## How to complete this task
Omitting the pictures, print every line below exactly as it stands.

## Given material
================================

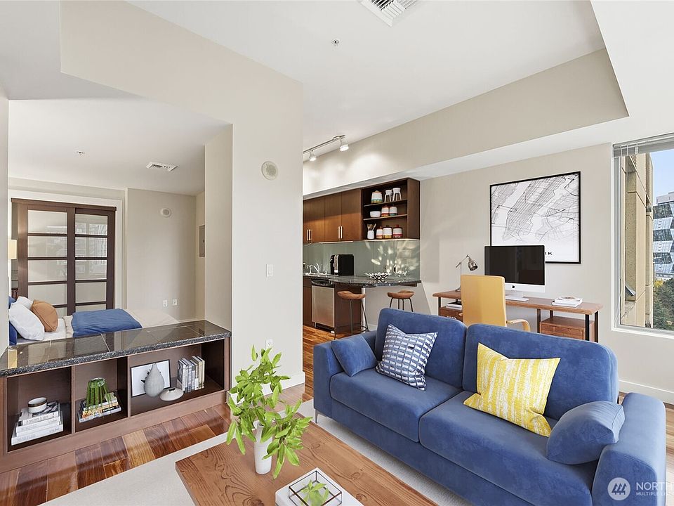South Lake Union Living at its Finest! Beautiful cherry floors welcome you into this bright space w/open layout. Kitchen features stainless steel appliances, gas cooking and ample counter space w/eating bar. Central A/C with New heat pump, New paint, New W/D. Secure ELECTRIC VEHICLE Parking & Storage Included. Life at 2200 Westlake Condominiums is destination living. The property features the ultimate in convenience with its built in mix of Whole Foods grocery, luxury hotel, banking & shopping, just blocks to the Seattle Center, Lake Union, & myriad options for Dining and Entertainment. 100 walk score! Upscale amenities: concierge, fitness center, sauna, roof deck, theater, game room, guest suite, package hub, party room, & conference room.
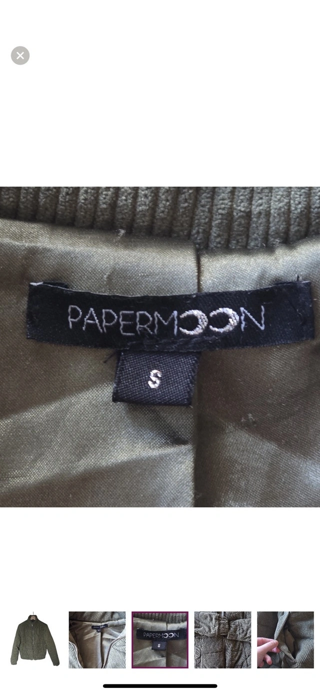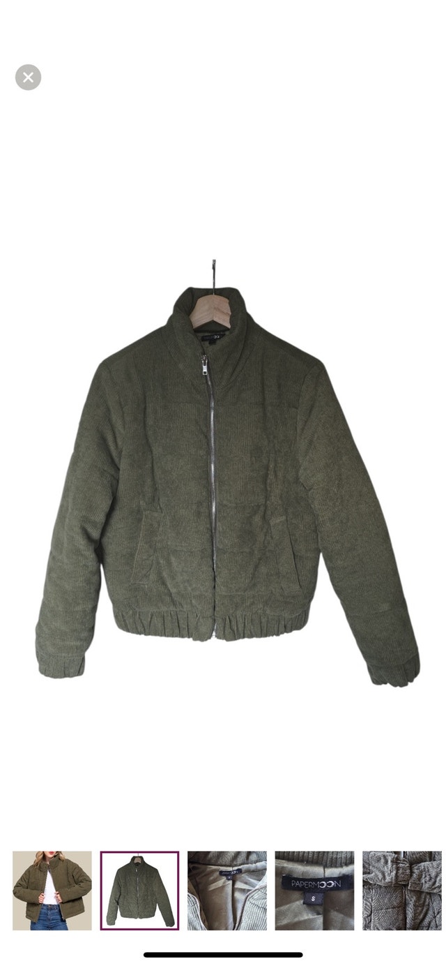 Brand: Paper Moon. Size: Small. Colour: Olive Green. Material: Corduroy. Closure: Zipper. Great puffer jacket perfect for Fall and Spring! So cozy and soft. Relaxed fit small. Excellent preloved condition, no stains or rips. Satin lining in very good condition. 22" ptp 23" long. Smoke free pet free home.
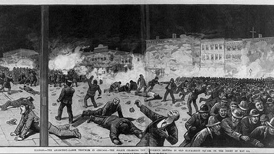 وفي يوم 1 مايو من عام 1886 نظم العمال في شيكاغو ومن ثم في تورنتو إضرابا عن العمل شارك فيه ما بين 350 و 400 ألف عامل، يطالبون فيه بتحديد ساعات العمل تحت شعار "ثماني ساعات عمل، ثماني ساعات نوم، ثماني ساعات فراغ للراحة والاستمتاع" ، الأمر الذي لم يَرق للسلطات وأصحاب المعامل خصوصا وأن الدعوة للإضراب حققت نجاحا جيدا وشلت الحركة الاقتصادية في المدينة، ففتحت الشرطة النار على المتظاهرين وقتلت عدداً منهم، ثم ألقى مجهول قنبلة في وسط تجمع للشرطة أدى إلى مقتل 11 شخصا بينهم 7 من رجال الشرطة واعتُقِلَ على إثر ذلك العديد من قادة العمال وحكم على 4 منهم بالإعدام، وعلى الآخرين بالسجن لفترات مُتفاوتة.
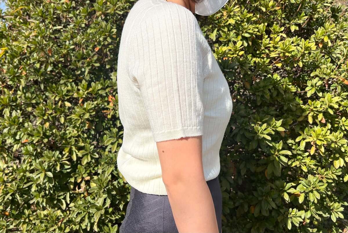 リブの縦ラインが体をスッキリ見せてくれるのはもちろん、一番うれしかったのが袖丈の絶妙さです。

================================

## Solution below
South Lake Union Living at its Finest! Beautiful cherry floors welcome you into this bright space w/open layout. Kitchen features stainless steel appliances, gas cooking and ample counter space w/eating bar. Central A/C with New heat pump, New paint, New W/D. Secure ELECTRIC VEHICLE Parking & Storage Included. Life at 2200 Westlake Condominiums is destination living. The property features the ultimate in convenience with its built in mix of Whole Foods grocery, luxury hotel, banking & shopping, just blocks to the Seattle Center, Lake Union, & myriad options for Dining and Entertainment. 100 walk score! Upscale amenities: concierge, fitness center, sauna, roof deck, theater, game room, guest suite, package hub, party room, & conference room.
 Brand: Paper Moon. Size: Small. Colour: Olive Green. Material: Corduroy. Closure: Zipper. Great puffer jacket perfect for Fall and Spring! So cozy and soft. Relaxed fit small. Excellent preloved condition, no stains or rips. Satin lining in very good condition. 22" ptp 23" long. Smoke free pet free home.
 وفي يوم 1 مايو من عام 1886 نظم العمال في شيكاغو ومن ثم في تورنتو إضرابا عن العمل شارك فيه ما بين 350 و 400 ألف عامل، يطالبون فيه بتحديد ساعات العمل تحت شعار "ثماني ساعات عمل، ثماني ساعات نوم، ثماني ساعات فراغ للراحة والاستمتاع" ، الأمر الذي لم يَرق للسلطات وأصحاب المعامل خصوصا وأن الدعوة للإضراب حققت نجاحا جيدا وشلت الحركة الاقتصادية في المدينة، ففتحت الشرطة النار على المتظاهرين وقتلت عدداً منهم، ثم ألقى مجهول قنبلة في وسط تجمع للشرطة أدى إلى مقتل 11 شخصا بينهم 7 من رجال الشرطة واعتُقِلَ على إثر ذلك العديد من قادة العمال وحكم على 4 منهم بالإعدام، وعلى الآخرين بالسجن لفترات مُتفاوتة.
 リブの縦ラインが体をスッキリ見せてくれるのはもちろん、一番うれしかったのが袖丈の絶妙さです。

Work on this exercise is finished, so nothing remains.